= Dilettante Music =

Online classical music hub

Dilettante was an online classical music hub based in London, England. The platform enabled classical music fans from around the world to connect and share with each other. The site saw a major redesign in May 2009 which implemented "new ticketing, media and retail partners, video tutorials, a new personalized homepage, Dilettante Radio, a discussion forum and Dilettante Guru, a site-wide search tool." At its peak, Dilettante claimed to have over 15,000 unique visitors each month from over 100 countries.

As of December 2010, Dilettante Music has been taken off-line, citing financial difficulties.

==History==

Dilettante was founded in January 2008 by Juliana Farha, a Canadian journalist and businesswoman who believed that social media was the ideal tool to support classical music and musicians.

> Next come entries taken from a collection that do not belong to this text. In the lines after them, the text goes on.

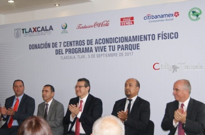 En rueda de prensa convocada esta mañana en instalaciones de la Secretaria de Desarrollo Económico (SEDECO), de la ciudad de Tlaxcala, en presencia del gobernador Marco Antonio Mena Rodríguez; el representante de FEMSA, Marco Antonio Morales Ache, anunció la próxima donación de siete parques en el estado de Tlaxcala.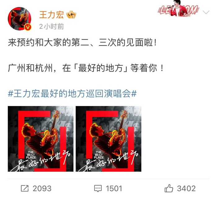 2月24日下午,王力宏正式官宣“最好的地方”巡回演唱会新增广州、杭州两站的日程。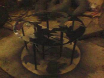 С помощью болгарки вырезала весь орнамент в металлической столешнице. (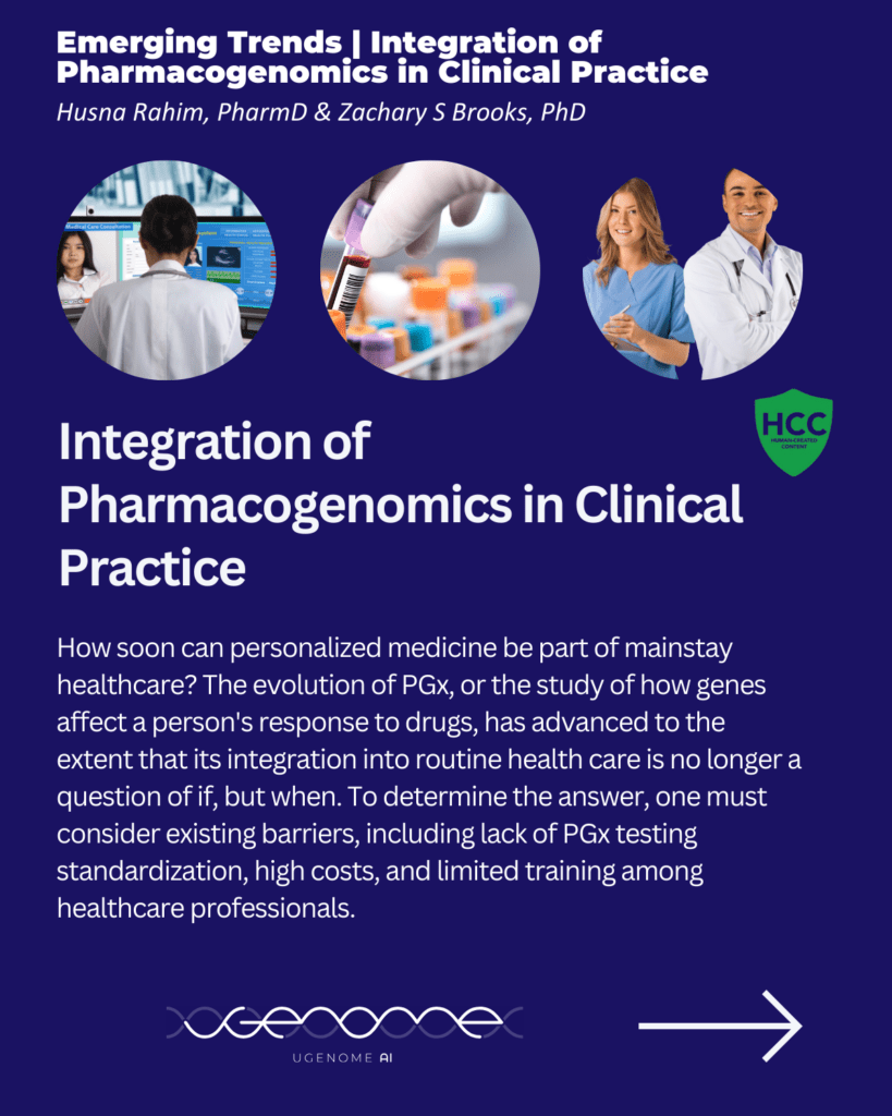 Clinicians may lack training to utilize PGx in treatment decisions. The reality of PGx adoption is in such infancy that the vast majority of physicians are ill-equipped to readily understand and apply PGx information effectively. Bridging this gap requires a multifaceted approach, including developing robust educational programs and decision support tools for practicing clinicians and incorporating comprehensive PGx curricula into medical and pharmacy schools. Moreover, interdisciplinary collaboration among geneticists, pharmacists, and clinicians is crucial to foster an environment that supports PGx application in daily medical decisions.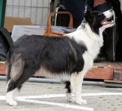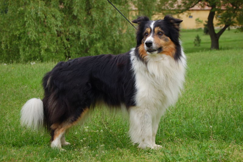 A fekete-fehér színkombináció mellett talán a fekete-fehér-cser szőrzet a leggyakoribb, azaz rövidebb nevén a trikolor szín. Ennek egyik változata a "saddle patterned", azaz nyergesen mintázott szőrzet, amikor a fekete szín, a német juhászkutya szőrzetéhez hasonlóan, nagy nyerget alkot a háton. A trikolor gén recesszív, tehát ilyen fajta egyedek akkor fordulhatnak elő, ha mindkét szülő hordozza magában és a két trikolor gén találkozik egymással. Az esetek nagy többségében e két gén találkozásakor szinte csak trikolor kölykök jönnek napvilágra.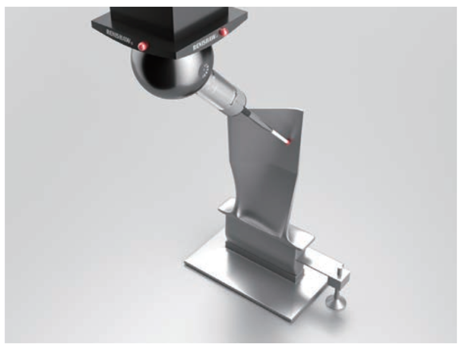 The cross-section of an aircraft engine turbine blade can be measured using a compact, high-accuracy scanning probe. Even workpieces susceptible to large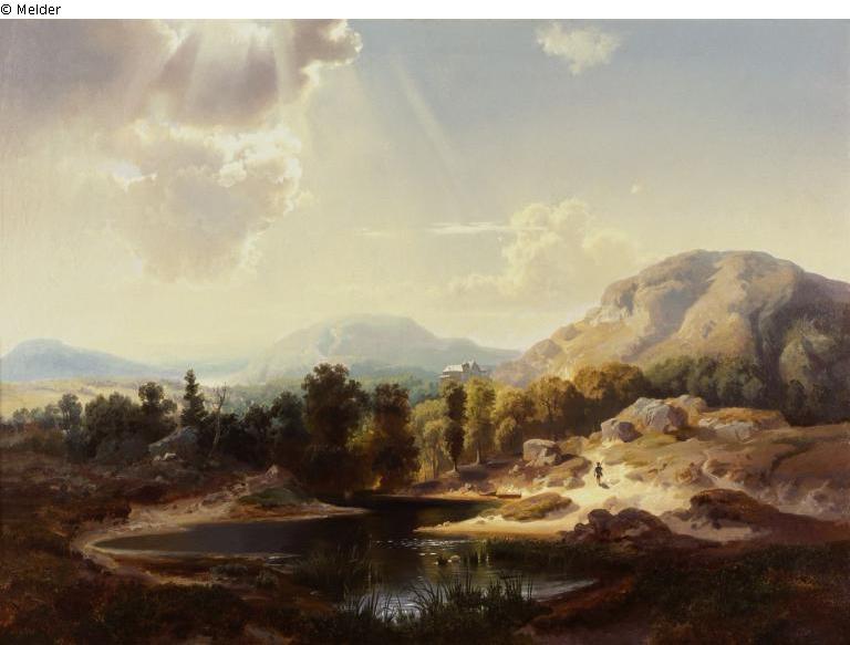 Gebirgslandschaft bei herannahendem Gewitter; Mittelgebirgslandschaft mit See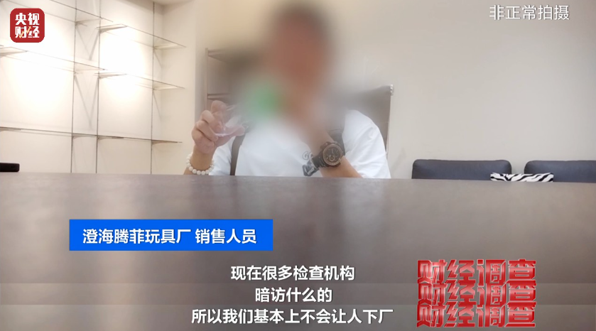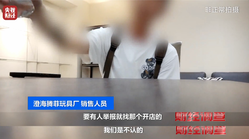 记者以进货为由,几经辗转见到了这些“三无产品”的生产商腾菲玩具厂的销售人员。工作人员告诉记者,市场上这些“三无产品”都是从自家工厂流出的,一旦被监管部门注意到,就会用“只做外销”为借口逃脱监管处罚。

===Digital Composer-in-Residence===

In 2009 Dilettante held a 'Digital Composer-in-Residence' competition which was the first such position to be offered anywhere in the world. The competition consisted of a preliminary period where applicants were judged on their compositions by a judging panel including Nico Muhly, Michael Christie and Jennifer Higdon, a period with voting open to the public, and a final event held at Wilton's Music Hall, London. The final took place on November 5, 2009 and was presented by conductor Charles Hazlewood. The finalists were Canadian Aaron Gervais, Taiwanese Chiayu and American David T. Little, whose compositions were performed by the London Sinfonietta alongside works that inspired them, including pieces by "great modernist iconoclasts, Charles Ives and György Ligeti... [and] Jonathan Harvey, a composer of lofty spiritual inclinations." The title was won by David T. Little who took a £1,000 prize and has a dedicated section on the website.

==Awards==

In 2009, Dilettante was shortlisted for 'Website of the Year' on The Good Web Guide, who said that the site "aims to break down the barriers to classical music by connecting organisations and musicians with audiences, listeners with recorded and live music, and members of the worldwide classical community with each other.".